Enquanto isso, Stiepan Trofímovitch, alheio aos horrores que se desenrolam, deixou a cidade a pé, determinado a seguir o caminho certo para um futuro incerto. Vagando sem propósito ou destino real, alguns camponeses lhe oferecem uma carona. Eles o levam para sua aldeia, onde ele conhece Sofya Matveyevna, uma vendedora de evangelho em viagem, e ele se apega firmemente a ela. Eles partem juntos, mas Stiepan Trofímovitch adoece e eles são forçados a alugar um quarto em uma grande cabana. Ele conta a Sofya Matveyevna uma versão um tanto embelezada de sua história de vida e implora a ela para não deixá-lo. Para seu horror, Varvara Petrovna aparece de repente na casa de campo. Ela o tem procurado desde seu desaparecimento, e sua ferocidade assusta muito Stiepan Trofímovitch e Sofia Matveyevna. Quando ela percebe que ele está extremamente doente e que Sofya Matveyevna está cuidando dele, sua atitude se suaviza e ela chama seu médico. Uma difícil reconciliação entre os dois amigos, durante a qual alguns eventos dolorosos do passado são lembrados, é efetuada. Torna-se evidente que Stiepan Trofímovitch está morrendo e um padre é chamado. Em suas horas finais de consciência, ele reconhece o engano de sua vida, perdoa os outros e faz um discurso extático expressando seu amor reavivado por Deus.

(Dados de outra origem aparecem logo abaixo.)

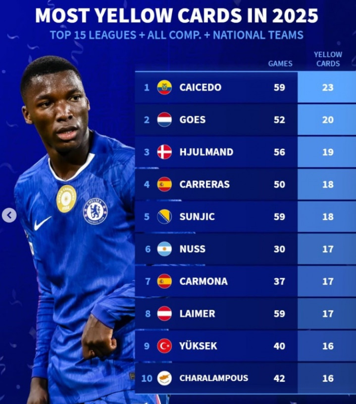 2025年已过程去,《转会市集》也统计了前15联赛球员的俱乐部+国度队各项赛事总黄牌次数,凯塞多居首。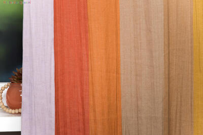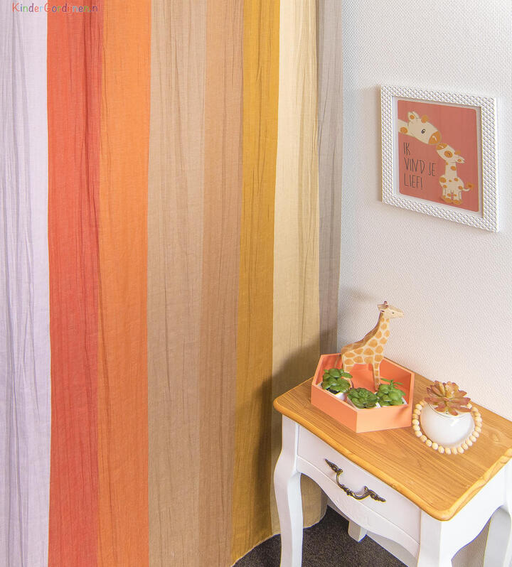 Luxe soepel vallende, iets transparant doorschijnende gordijnstof met lengtestreep dessin. De kleuren verlopen scherp over de breedte van de stof en worden onderbroken door een als plissé geweven lengtestreep.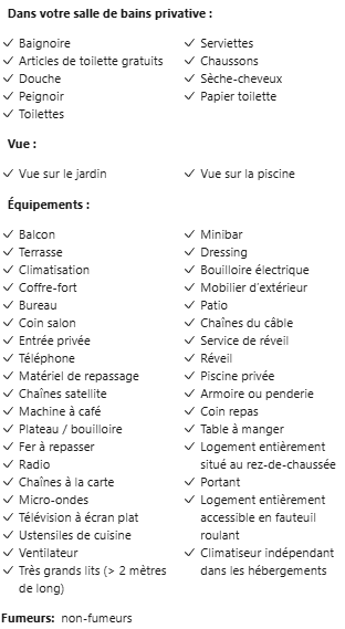 Le Palm Hotel & Spa est entièrement accessible aux personnes à mobilité réduite, avec des ascenseurs et des chambres aménagées. L’enregistrement (check-in) s’effectue à partir de 14h00 et le départ (check-out) avant 11h00. Une taxe de séjour est à régler sur place. Le parking privé est gratuit et surveillé. Les animaux de compagnie ne sont pas admis. Les conditions d’annulation sont régies par Booking ou Hoteles.com selon l’offre choisie.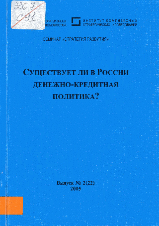 Существует ли в России денежно-кредитная политика : материалы семинара "Стратегия развития" от 7 февраля 2005 г. / Высшая школа бизнеса МГУ им. М.В. Ломоносова, Институт комплексных стратегических исследований. — Москва : ТЕИС, 2005. — 88 с.. — 200.00 р.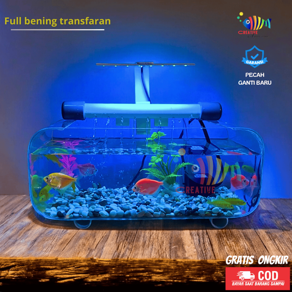 1 Set lengkap Aquarium kaca akrilik bening transfaran lengkap dengan mesin oxygn dan filter sirkulasi tinggal pakai (PT-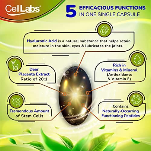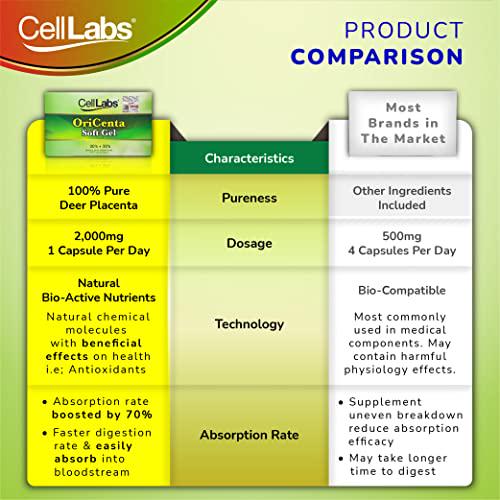 CellLabs OriCenta 100% Natural 2000mg Pure New Zealand Deer Placenta 60 Softgels| Active Stem Cell Rich In Nutrients, Minerals, Vitamins, Antioxidant|Support Healthy Energy Level, Slow Down Skin Aging Clinically Proven Anti-Aging Result With 100% New Zealand Deer Placenta! OriCenta Deer Placenta rich with active nutritional ingredients that come from the finest New Zealand Deer which contain a high amount of freshly extracted 2,000mg deer placenta per capsule, which helps to slow down the aging progress by speed up the healing process, improve cellular growth & restore youthful and vitality. Deer Placenta is known as a premium source of supplement as it's biologically compatible with humans & safe for consumption. Using live-cell therapy with deer placenta extract could allow damaged cells repaired. It also contains abundant levels of antioxidants & nourishment to keep you healthy.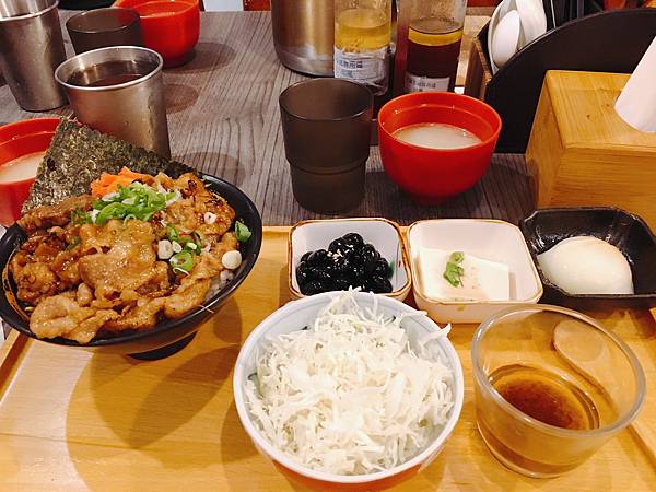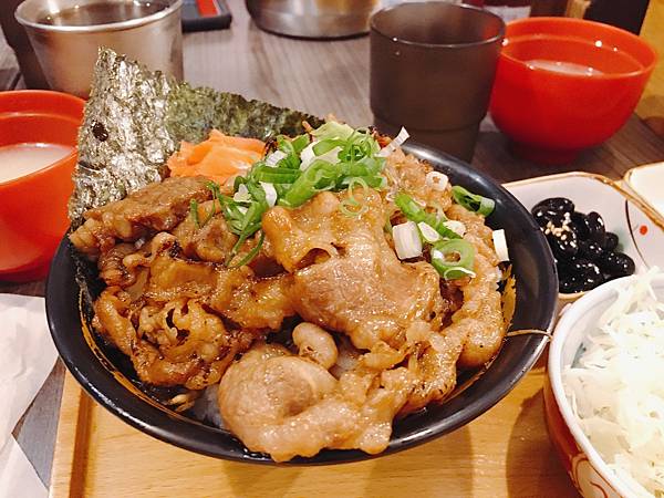 Juno點了一個算是入門款的炙燒安格斯黑牛丼飯,切成薄片的牛肉淋上鹹香的醬汁,可以多扒幾碗飯,肋眼牛排也很和白飯很搭。

Quando Chátov não retorna, Maria, ainda exausta do nascimento, procura Kiríllov. Encontrando a terrível cena do suicídio, ela agarra seu bebê recém-nascido e corre para fora no frio, procurando ajuda desesperadamente. Eventualmente, as autoridades são chamadas ao local. Eles lêem a nota de Kiríllov e pouco tempo depois o corpo de Chátov é descoberto em Skvoreshniki. Marie e o bebê adoecem e morrem alguns dias depois. A cena do crime em Skvoreshniki revela que Kirillov deve ter agido com outras pessoas e surge a história de que há um grupo organizado de conspiradores revolucionários por trás de todos os crimes e desordens. A paranóia toma conta da cidade, mas tudo é revelado quando Lyamshin, incapaz de suportá-la, faz uma confissão humilhante às autoridades. Ele conta a história da conspiração em grandes detalhes, e o resto da tripulação, com exceção de Pyotr Stepanovich, que partiu para Petersburgo após o suicídio de Kiríllov, é preso.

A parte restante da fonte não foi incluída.